# large vivarium sliding glass door questions



## Carolina Vivariums (Oct 27, 2016)

hi all, I am building a large vivarium there will be a piece of glass as the bottom to hold the soil in then the sliding track will be on the glass and then there will be the two large sliding doors in the track on the glass. my question is if the two doors are 1/4' think does the bottom piece need to be 1/2" think to hold them up or can the bottom piece be 1/4" and have the tracks hanging off a little? this might be a dumb question but any advice would be great i cant seem to find what im looking for searching through the forum!


----------



## Justin Vining (Dec 30, 2016)

It would be better to have full support under the glass doors.


----------



## bsr8129 (Sep 23, 2010)

How large are we talking? most likely 1/4 bottom piece will work. also why are you going 1/4 for the sliding doors? usually thinner will work, but I guess it depends on how big the piece of glass is.


----------



## TheForSaken (Nov 21, 2016)

You could go with the 1/4" glass for the bottom. 
What I did was I placed a 7/8th x 7/8th outside corner trim onto the upright glass.

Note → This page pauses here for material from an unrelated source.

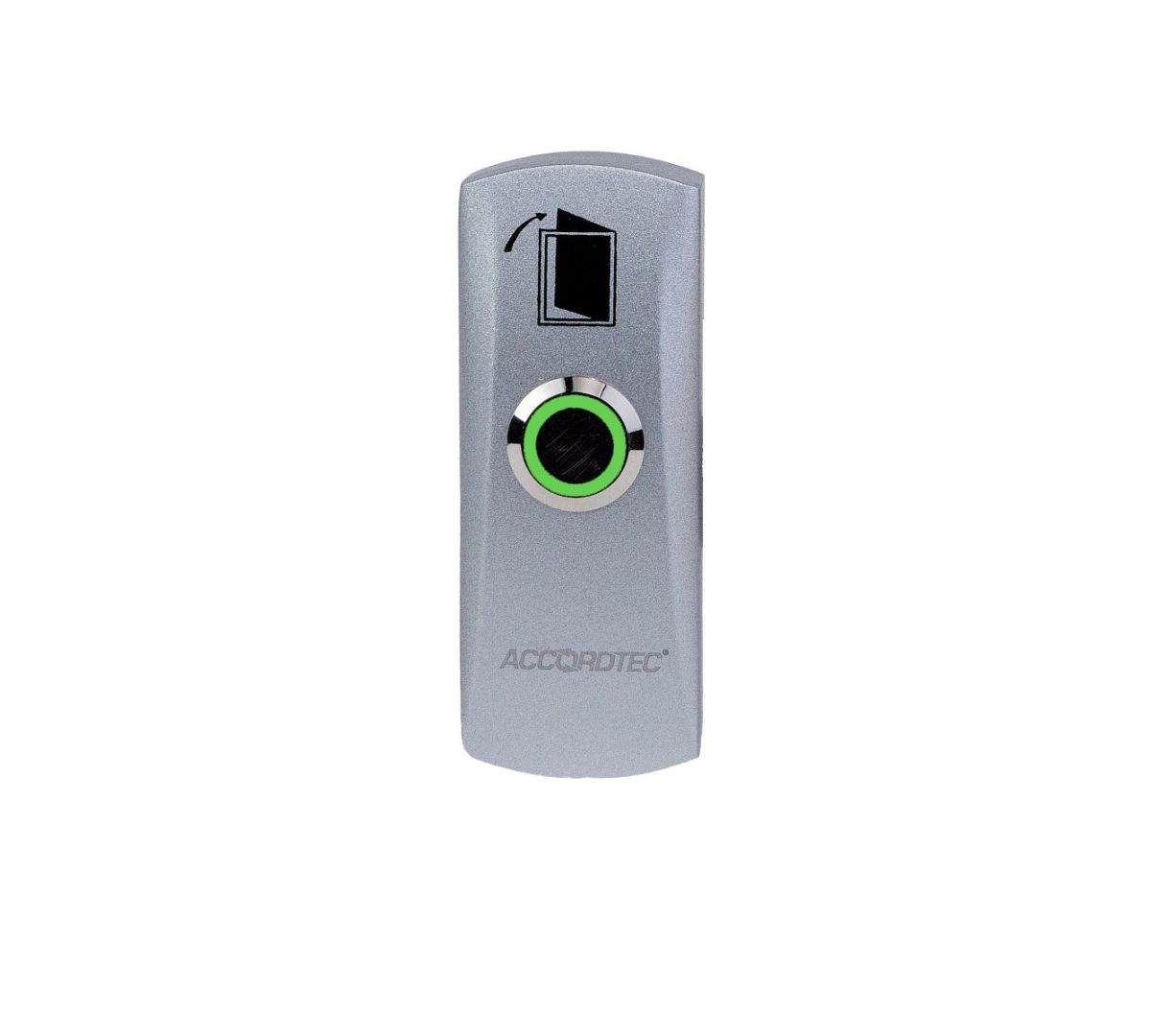 Кнопка выхода металлическая накладная c LED подсветкой, светодиод зеленый. Степень защиты: IP67. Выходные контакты НО/НЗ, 82х32х25 мм, цвет серебро; масса 128г.
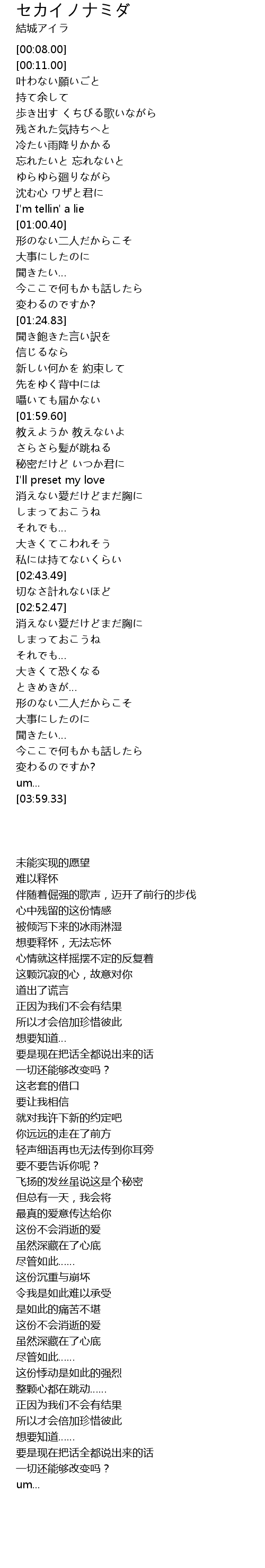 | [02:19.39] | 消えない愛だけどまだ胸に |

Then I placed my sliding glass trim on that.
Hope this helps if not I can take a picture later.


----------



## Encyclia (Aug 23, 2013)

Could you not just do 2 pieces of vertical glass to balance it out? That way it could be as wide as you want it to be. Seems like you might want to put some ventilation in under those doors, too, since you are building from scratch.

Mark


----------



## Bighurt (Jun 18, 2011)

Assuming you are using plastic bypass track. the support for the bottom channel needs to be the full width of the track itself.

As mentioned supporting it on an L channel or even a piece of 1/4" glass laid flat on top of the bottom glass is sufficient. The glass laying flat would only need to be the width of the track which for 1/4" by pass track is about 13/16".

How big is this vivarium. I find doors over 30" square in 1/4" glass become a little heavy for the standard bypass track.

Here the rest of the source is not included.